This is weird photo . The more I look at it , the guy on the right kinda sorta looks like he has orange plugs in his left ear anyway .

The other guy whose ear are shown...I cant even geuss .
The port fire is a gas flame of some kind because you can see the long tube going down his side .

As for the flame ......I'm not sure . It does look like an incandescent flame ,but on the other hand even with earplugs I sure as heck would not stand in the positions that they are .
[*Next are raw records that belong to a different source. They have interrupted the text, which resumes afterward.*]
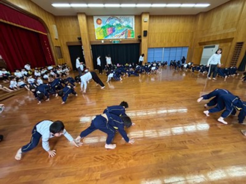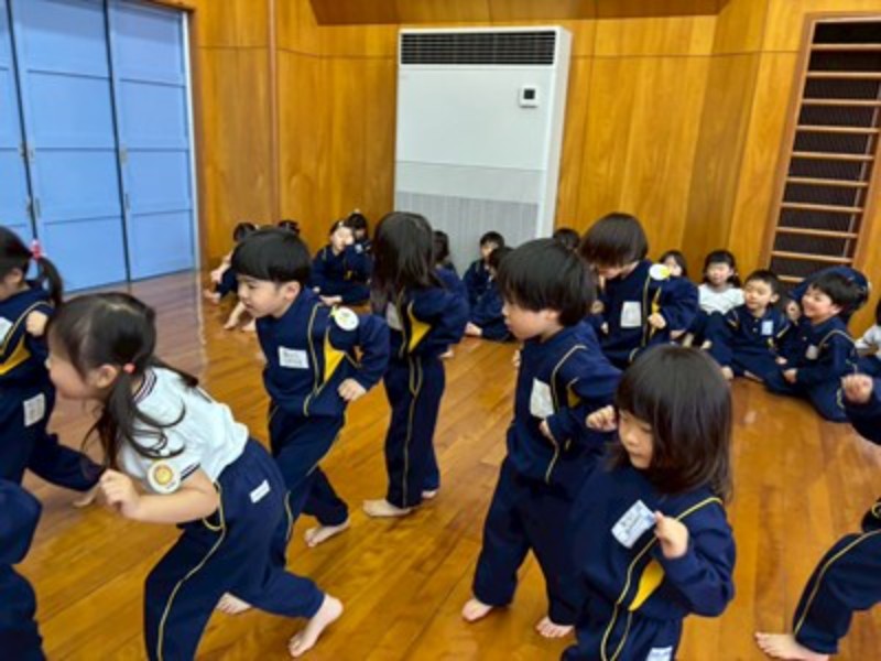 それからは、園で取り組んでいる『さくらさくらんぼリズム』をして遊びました♪初めは、年長さんがお手本を見せてくれて、ピアノに合わせて体を動かすお兄さんお姉さんを憧れの眼差しで見る年中さんも、次は自分の番!と、ピアノの音をよく聞いて、自然と体が動いていました。最後は、年長、年中の姿を見て待ちかねて、まねっこをして上手にうさぎや馬に変身する年少さん!また一緒に集えるのが楽しみになりました。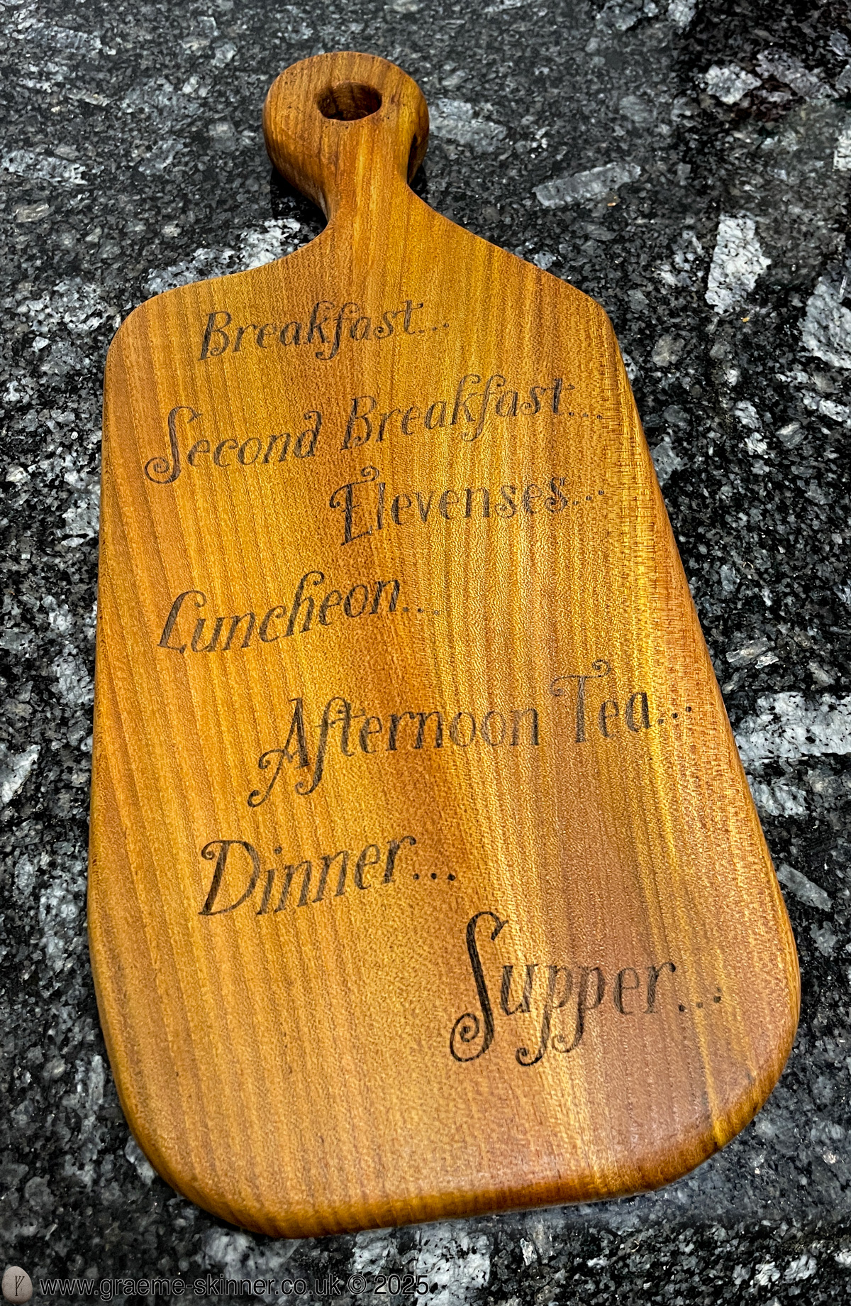 There’s obviously a connection between Hobbits and food, so here’s a Hobbity themed charcuterie board made out of a piece of Elm.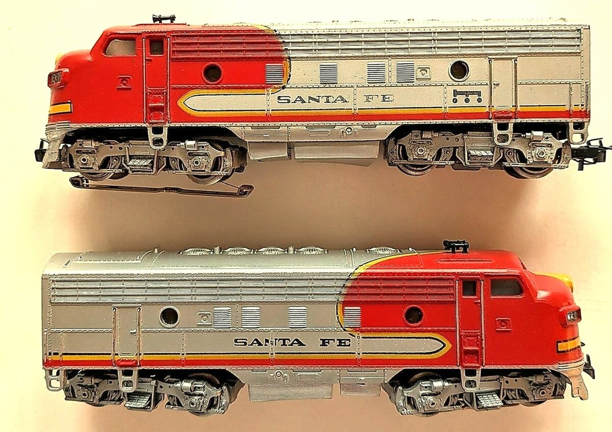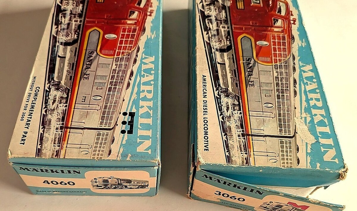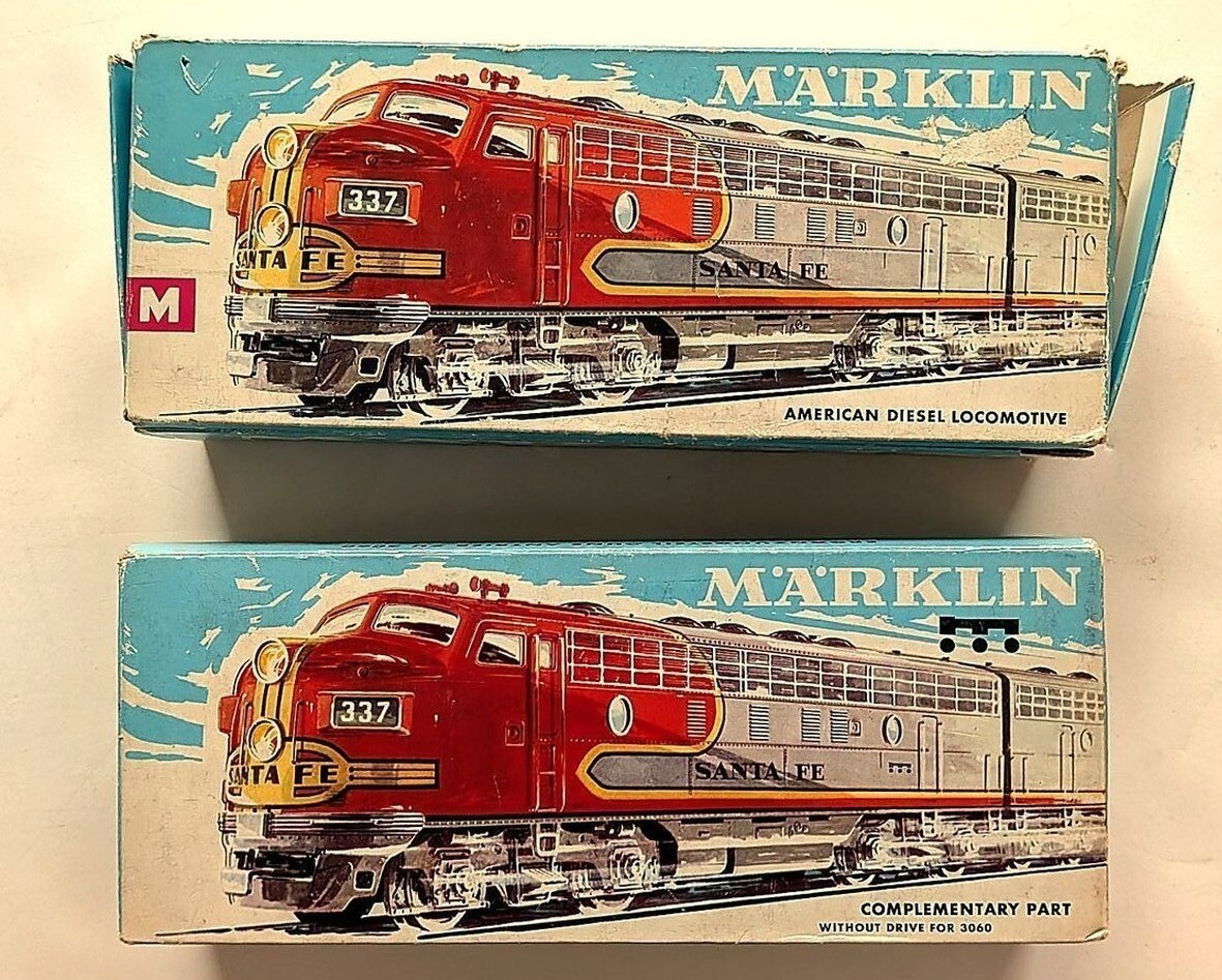 Marklin Marklin H0 3060 and 4060 pair of Santa Fe lettered F7 diesel locos. 3060 is the powered unit, while 4060 is unpowered but lighted. Older set with some scratching on the body, Freshly oiled and tested, and they work as they should. Driver has good pickup show, while the one on the roller looks like new (see photos). Both in original boxes which are somewhat torn but functional.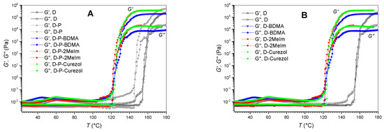 Rheological characterization formulations during thermal curing: (A) D-P-based and (B) D-based formulations.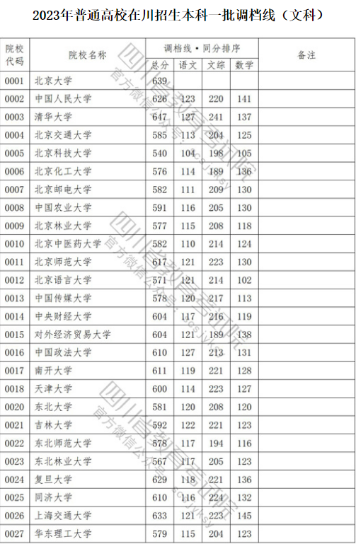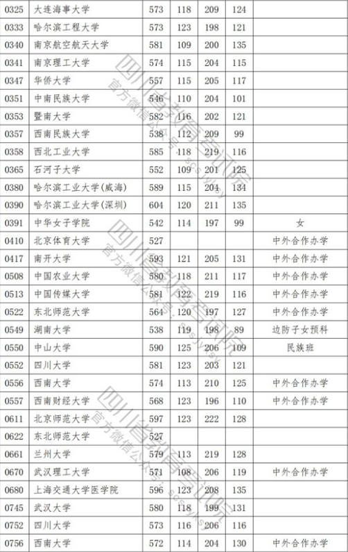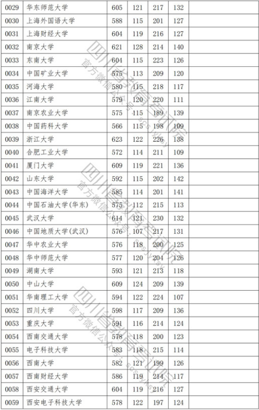 北京大学639分、中国人民大学626分、清华大学647分、南开大学611分、天津大学600分、东北大学581分、中国政法大学610分、北京中医药大学582分、复旦大学629分、同济大学610分、上海交通大学633分、华东理工大学579分。

Ask how I know ? Thanks for asking  :D

I was way too close on two occasions  ???up in Montana so I could film the shot and flame of the Mother of All Mortars !!!!!
BTW all photos were veiwed at 400 %  ;D :D

Believe me standing that close to a large mortar is not something I'd do three times why ? Because only a MARROOON would stand that close to it three times  ;D .

Earplugs or no ,inside that fort hole thingagy that mortarage thing would be mind numbing loud . Which kinda leads me to think it's a gas powered thing ,espesally with the flame torch hard wired in to the view .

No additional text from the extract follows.